Estia Health Ltd. completed a strategic and operational review, unveiling a plan to undertake an underwritten entitlement offer to raise A$136.8 million and to replace its chairman.
Following the review, the company decided that in order to reduce its core debt over the medium term, it will launch the entitlement offer and forgo paying an interim dividend in March 2017. Estia dividend policy will be to pay at least 70% of net profit after tax for the period the dividend relates.
Estia will undertake an underwritten 1-for-3 accelerated nonrenounceable entitlement offer for A$2.10 per new share, a discount of 21.6% to the shares' closing price on Dec. 9. The rights will not be traded on the Australian Securities Exchange or be transferable.
Macquarie Capital (Australia) Ltd. is acting as the lead manager and underwriter for the offering.
The aged care company said the move will reduce its core debt to A$85.5 million and net debt to A$143.0 million.
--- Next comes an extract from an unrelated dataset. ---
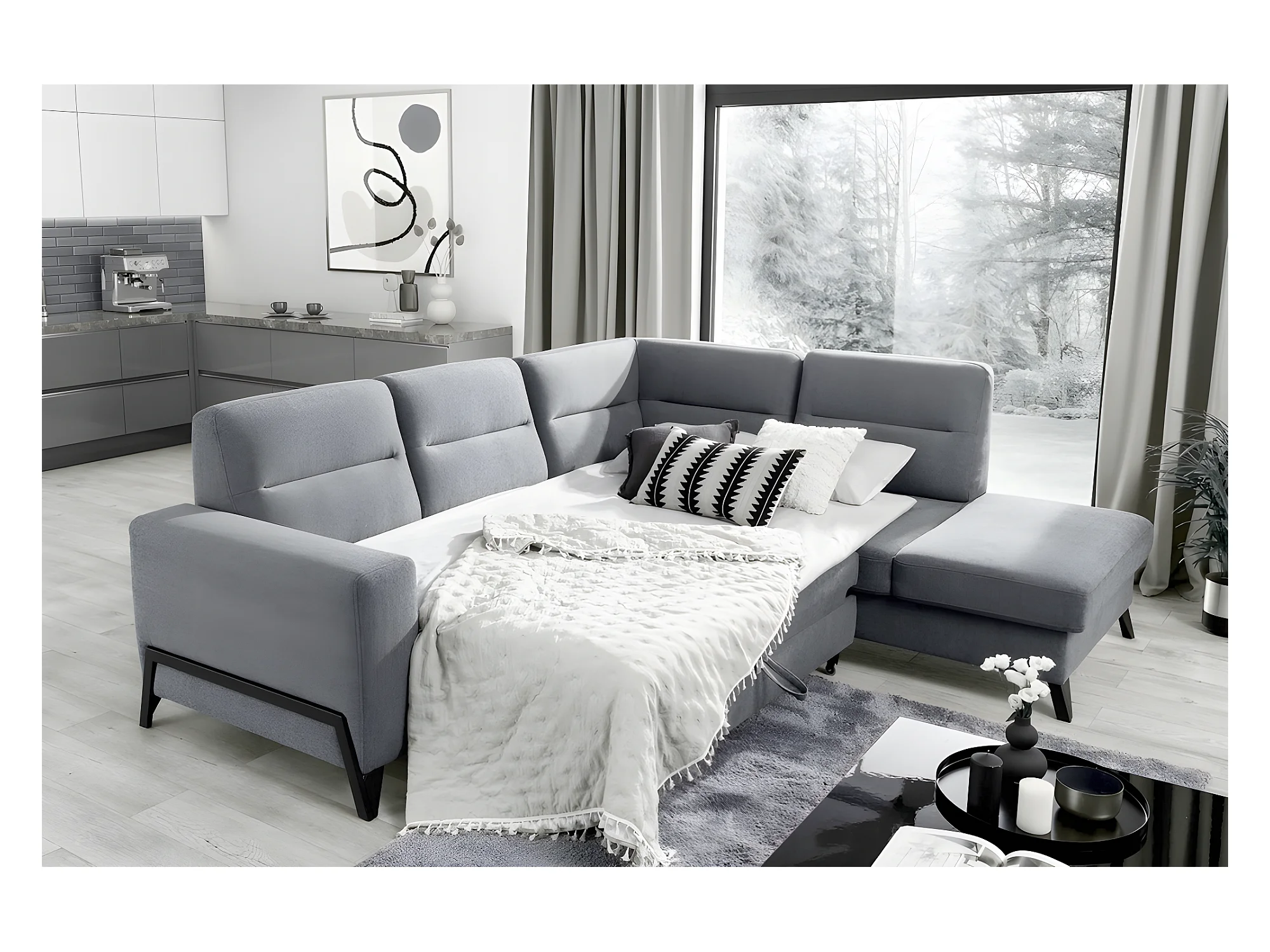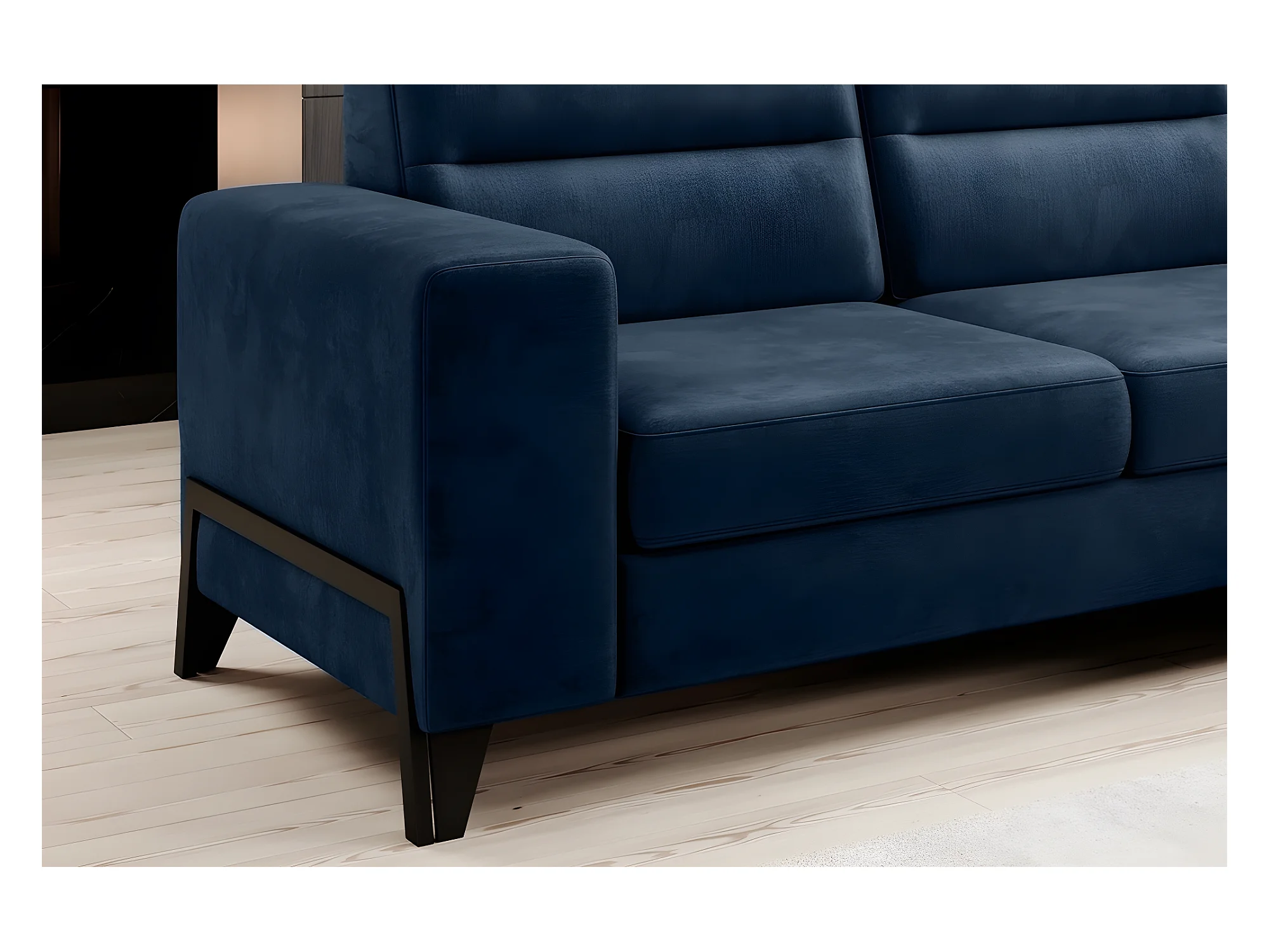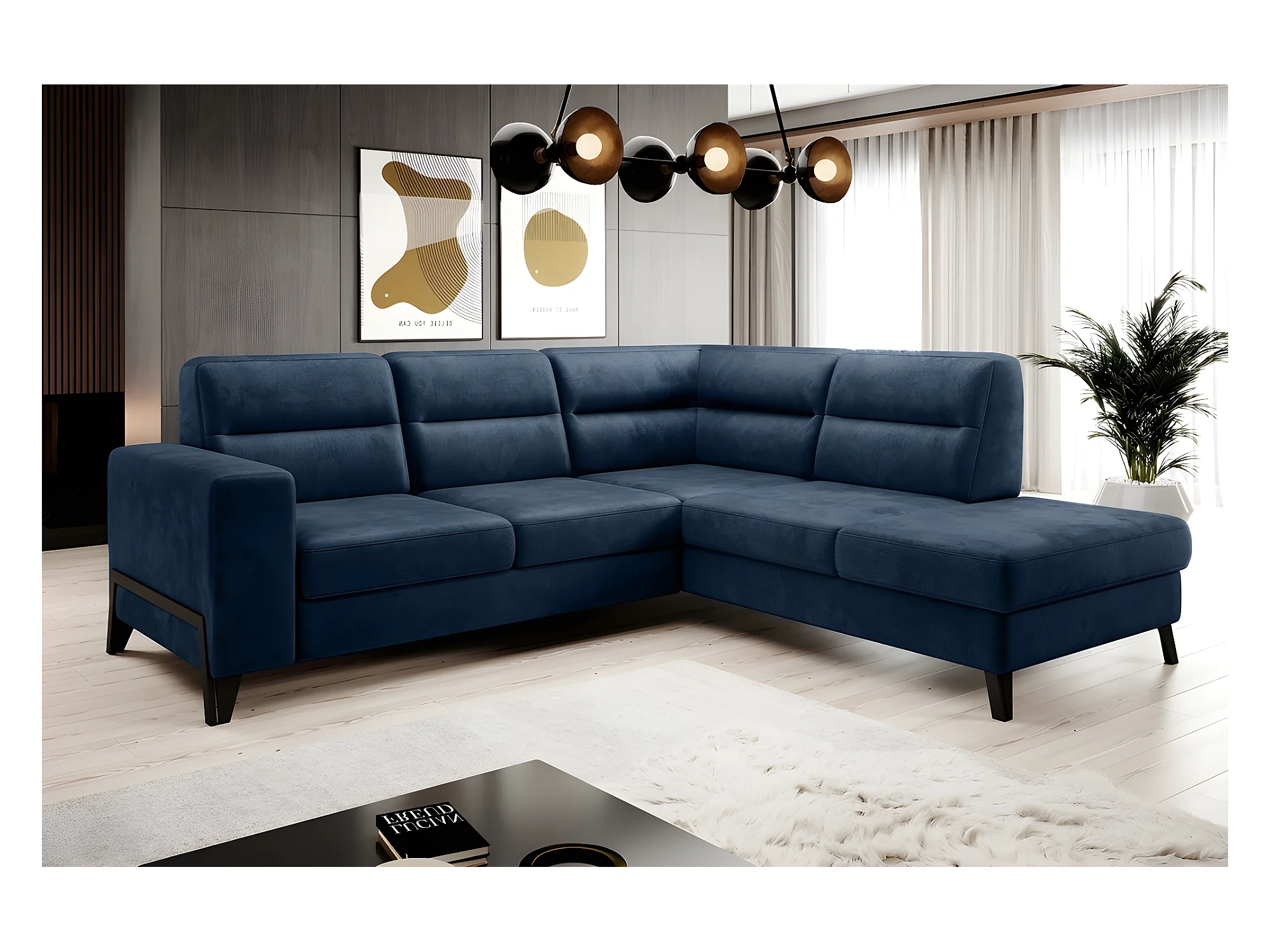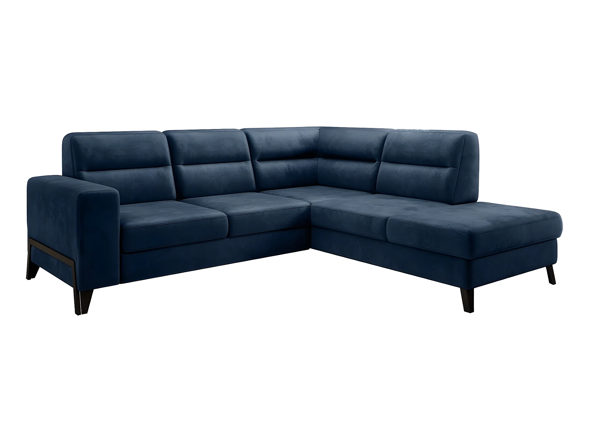 Canapé d'angle convertible - CASTA VELOURS - en tissu Luxe, bleu, 5/6 places, angle droit (vu de face)

Estia has faced criticism in the Australian press regarding its debt levels.
Additionally, director Gary Weiss will replace Pat Grier as chairman when Grier steps down from the role Dec. 31. Grier will continue to serve as a nonexecutive director and said in a news release that he believes it is the right time for the company to make a transition in the chairman role.
The company reconfirmed its guidance for the fiscal 2017 full year, with EBITDA expected to be in the range of A$86 million to A$90 million based on year-to-date results and performance.
Further, the company instituted a number of operational initiatives following the strategic review, including replacing its existing operation matrix structure with a regional structure and creating a head of quality role.
As of Dec. 9, US$1 was equivalent to A$1.34.